Après avoir soutenu jeudi que 2,75 millions des 6 millions investis par le FIER-Boréal 02 l'avaient été dans des entreprises actives au Saguenay-Lac-Saint-Jean, soit près de l'objectif de 50 %, les représentants d'IQ n'ont pu appuyer leurs dires, hier. François Legault a mis en doute le fait que deux de ces entreprises, Toptent et Bureau d'investigations, des sociétés de la région de Montréal, se soient établies au Saguenay-Lac-Saint-Jean. IQ ne s'est fié qu'aux déclarations des dirigeants de ce FIER, MM. Perrino et Boivin, et n'a procédé à aucune vérification, a convenu M. Daoust. «Au Québec, on commence à croire le monde avant de penser que tout le monde ne doit pas être cru», estime Raymond Bachand.
IQ n'a affecté que deux personnes à la supervision des 33 FIER Régions et des 11 FIER Soutien, qui ont investi quelque 200 millions en fonds publics dans plus de 250 entreprises. Ce sont des sociétés privées qui ne sont pas gérées par l'État, a-t-on avancé.
François Legault a indiqué qu'il n'a pas l'intention de se rétracter comme l'ont sommé de faire, par une mise en demeure, MM. Perrino et Boivin. «Ce que j'ai dit cette semaine, c'est qu'il y avait un conflit d'intérêts [découlant du fait] d'être des deux côtés de la clôture. Et j'ai dit aussi que les règles d'Investissement Québec, selon mon interprétation [...] n'avaient pas été respectées. Puis, je maintiens ça.»
Pour M. Legault, les FIER, sont un programme mal conçu qui ne fonctionne pas dans les régions qui manquent de capital de risque, comme la Mauricie, la Gaspésie ou la Côte-Nord, mais qui fonctionne bien dans la grande région de Montréal, par exemple, où le capital ne manque pas.

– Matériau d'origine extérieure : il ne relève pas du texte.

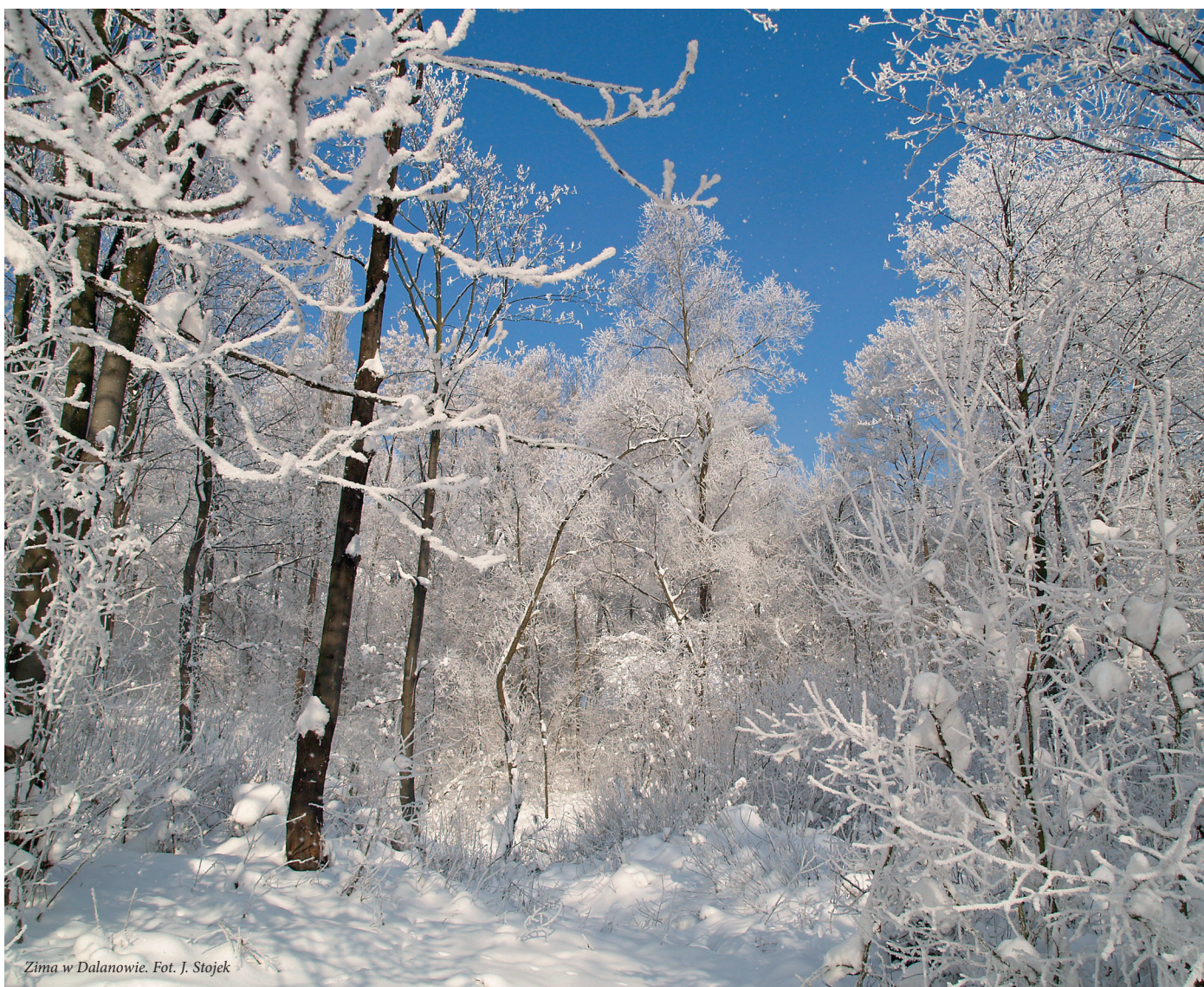
Zima w Dalanowie.

Pięknych i wesołych Świąt Bożego Narodzenia a w Nowym 2015 roku zdrowia i wszelkiej pomyślności Mieszkańcom Gminy oraz Czytelnikom życzą Wójt Gminy Koszyce i Redakcja Gazety Koszyckiej

Le député estime que les règles doivent changer pour que tout investissement fait par un FIER se fasse dans sa propre région. Aussi, les FIER ne devraient investir qu'exceptionnellement dans les entreprises de ses dirigeants. François Legault a rappelé que les FIER Ville-Marie et Boréal 02 avait fait neuf placements, pour un total de 6 millions, dans quatre entreprises dont leurs dirigeants, MM. Perrino et Boivin, sont actionnaires.